As you should know if you’re a FreeBSD on desktop user, Gnome 2.16 has been committed to the FreeBSD Ports Tree few days ago. Being a Gnome user myself, I upgraded from 2.14 to 2.16 as soon as I had a little free time. To say the least, it’s been quite painful (I’m not blaming anyone, that’s just a fact, I don’t really care if I need to spend 2 hours checking what’s wrong and how to fix, really). If you haven’t yet upgraded, you might have problems related to the PREFIX change (Gnome moved from X11BASE to LOCALBASE, which by default are respectively /usr/X11R6 and /usr/local). You can also experience problems with duplicated origins, which means, you’ll end up with package X-2.14 installed in X11BASE and X-2.16 in LOCALBASE. Depending on whether dependant packages check libraries and header files in X11BASE or in LOCALBASE first, this might break the build. Anyway it’s done now and there won’t be a PREFIX move again (for Gnome at least).

Note: I’m reinstalling my laptop with FreeBSD 6.1-RELEASE and a fresh Ports Tree. Though it’s not over yet, I’m pretty sure it’ll be ok. If you’re installing a new machine, set X11BASE to ${LOCALBASE} in make.conf and symlink /usr/X11R6 to /usr/local. Be aware that you may have some not-yet-discovered CONFLICTS arising (some X package overwriting files from package Y).

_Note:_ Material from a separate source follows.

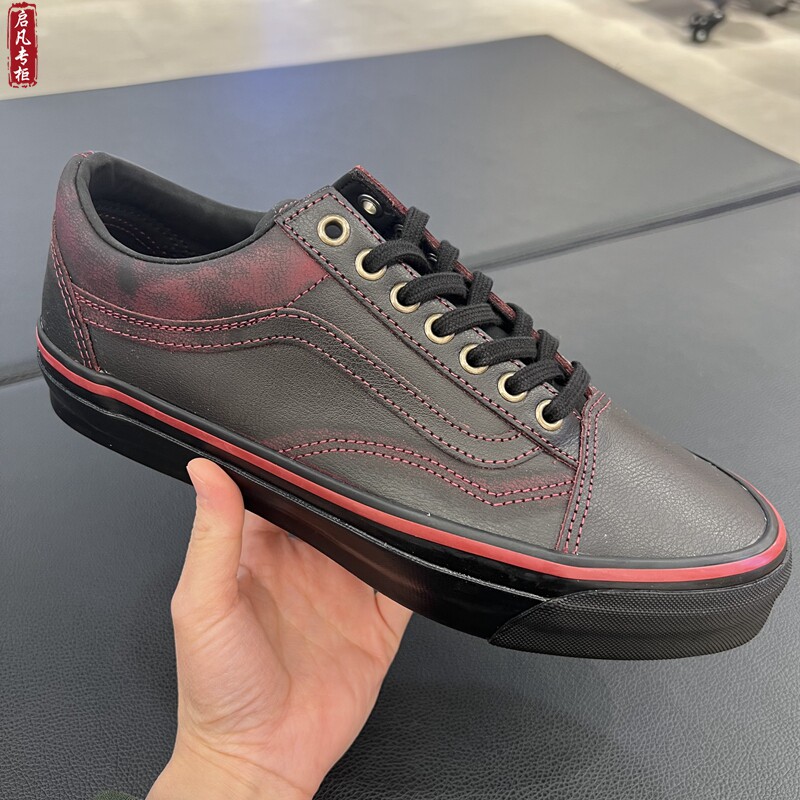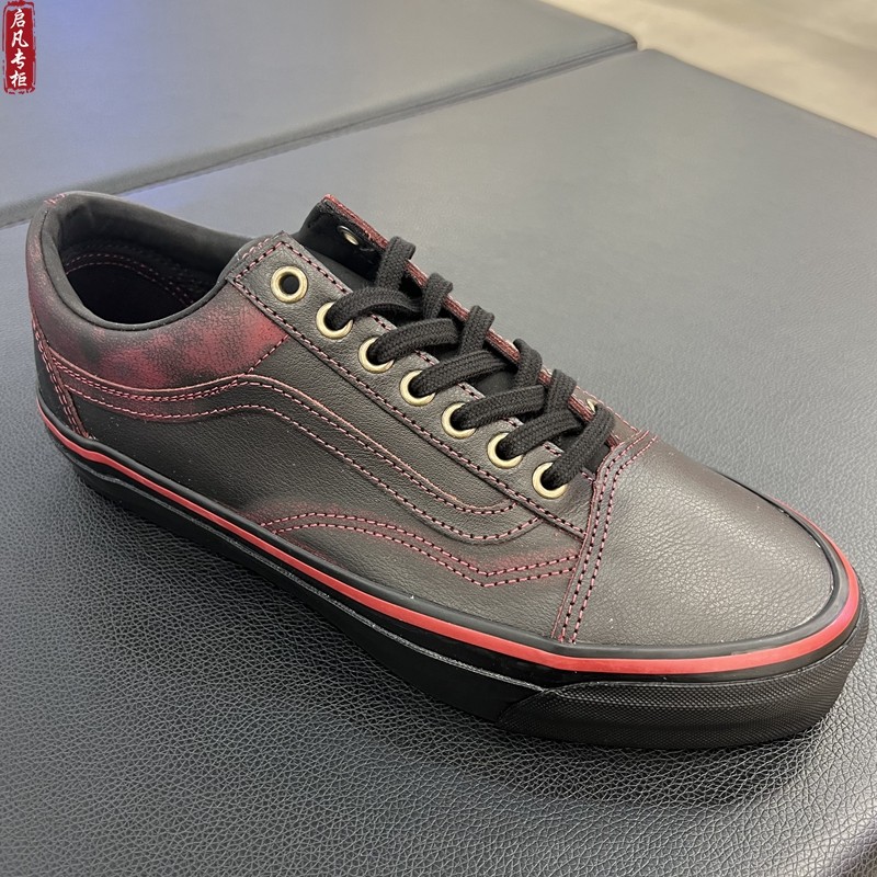📚 VANS范斯Tania Premium LX Old Skool黑红色皮质板鞋VN000EDAKRK

So what’s new in 2.16 for FreeBSD. Well, if I had to give only one name, that would be HAL. HAL stands for Hardware Abstraction Layer. Read the freedesktop page, it’s not wasted time. Now, things just works. When you plug your USB key, the HAL daemon will mount it and nautilus will pop-up a browsing window. When you insert an audio CD or a DVD, totem will start and play the content (well, doesn’t work here at the moment, but that might be a local problem). That’s a basic feature, Windows has had it for years now, but that’s definitely a step in the right direction. What next? D-BUS. Well, it’s not really new, but more and more applications are using it. D-BUS is a mean for applications to communicate with each other. For example, now Evolution is sending a D-BUS message everytime it receives a new mail (via a plug-in). Then it becomes very easy to write a small app that listens on the bus and uses libnotify to show a pop-up everytime a message is sent (actually, there’s already a PoC here).

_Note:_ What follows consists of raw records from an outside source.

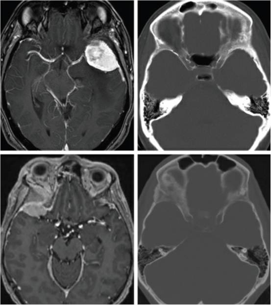 图1. 上图为一个典型的左侧外侧蝶骨嵴脑膜瘤伴骨质增生。下图为右侧蝶眶脑膜瘤伴显著的蝶骨嵴、床突和眶壁增生,导致眼球突出。为长期的控制肿瘤并改善眼球突出,有必要同期切除硬膜内肿瘤和增生的骨质。
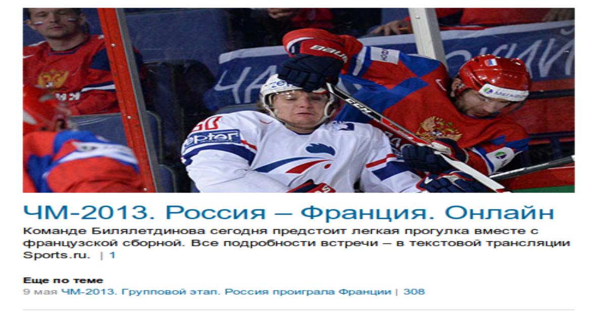 9 мая 2013, 19:43 Заголовок Sports.ru до матча с французами Автор ОЛЛС1911 Этот пост опубликован в блоге на Трибуне Sports.ru. Присоединяйтесь к крупнейшему сообществу спортивных болельщиков! Другие посты блога Телевизор 3.0 ЧМ по хоккею Сборная России по хоккею с шайбой Сборная Франции по хоккею
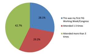 Despite specific areas of dissatisfaction, hereunder the lunches and conference facilities, this year’s participants - or at least the respondents in the survey – are generally happy with the Working Week.  The majority of the participants who completed the survey have earlier attended a FIG Conference. We are pleased that delegates keep coming back; it is the best indicator of the popularity of the FIG Conference. We interpret is positively that 95 percent indicate that they will recommend the FIG Conferences to friends and colleagues.
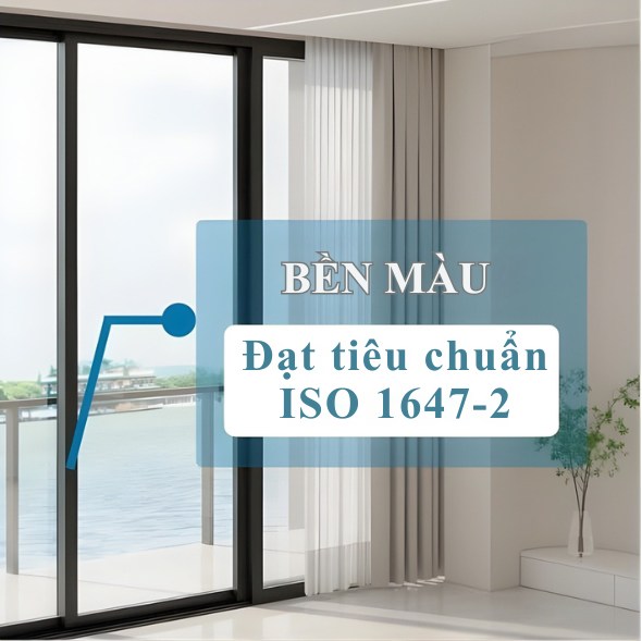 Một trong những ưu điểm nổi bật của nhôm Tâm Viết Bảo có khả năng giữ màu ổn định, đạt tiêu chuẩn ISO 16474-2. Tiêu chuẩn này đảm bảo rằng sản phẩm không bị phai màu dù tiếp xúc với nắng nóng hay khí hậu hành khô vùng núi. Điều này có nghĩa là cửa nhôm của bạn sẽ luôn được giữ vẻ đẹp ban đầu, không cần bảo trì thường xuyên.

Last year I got a PowerBook G4 which I’m playing with on a regular basis. The killer-apps I found were Expose, Spotlight and the Dock. Expose is Apple’s software that “expose” all your windows at the same time, it’s a good replacement for Alt-Tab that uses the mouse instead of the keyboard. It’s only really useful if you combine it with sensitive corners otherwise you have to use both the mouse and the keyboard. Spotlight is an integrated search engine, that finds almost everything indexed related to keywords (like your mails if you’re using Apple Mail, files, applications, ...).

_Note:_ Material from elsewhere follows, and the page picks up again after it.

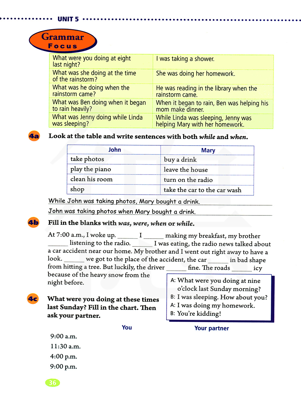 昨晚八点时,你在做什么? 我在洗澡。 暴风雨来时,她正在做什么? 她在做她的家庭作业
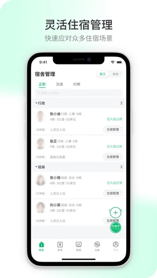 4. 可在线查看员工住宿情况和安排入住

Since I try to be on the bleeding-edge when it comes to shiny new UNIX features (not that I understand everything, far from it), I read about new features/applications in the X domain (XGL, AiGLX, Compiz, Beryl, ...), I saw the Beryl has its own version of Expose (*hint*: search beryl+aiglx on youtube). Yay, problem is, we don’t have a recent X.org and beryl in ports (may come as an Xmas present :-)). Ok, I’ll wait for this one. Next. Some months ago, I read about Beagle, a project similar to Spotlight. It indexes your stuff, and you can then make queries. Problem was at that time, beagle depended on a kernel with inotify support (which is completely Linux-centric). Well actually, it doesn’t depend on it, but that’s unusable without it. Then some people (jylefort@, IIRC) wrote a kqueue replacement. And there was much rejoicement. I tested beagle yesterday evening, and besides few crashes and some things I don’t understand yet (supposed to index Evolution mails but it doesn’t), it seems to work pretty well. Grin, that’s another win. Then what can we use on Unix, us, Dock-lovers. I need to say that I hate Gnome panels, really. At some point, I used a gdesklets plugin, and though it was really nice at that time (2003 IIRC), it was eating all my RAM. Meet akamaru. As you can read, the initial goal wasn’t to create a dock. This is just awesome, and I mean it, have a look at youtube again and search for kiba. Agreed, you don’t need all these effects, but that’s what makes it awesome. I tried it few weeks ago and the configuration of the dock wasn’t really straight-forward. I had to edit a shell script that wrote gconf entries I think. It seems kiba-dock is a fork of the demo-dock, I’m not sure. Anyway, it doesn’t seem to work if you don’t have XGL or AIGLX with compositing enabled. Anyway, things are really getting better and it’s not hard to conceive that all those Windows replacements (Ubuntu, Fedora Core, SLED) will gain a lot of popularity in the next few months/years.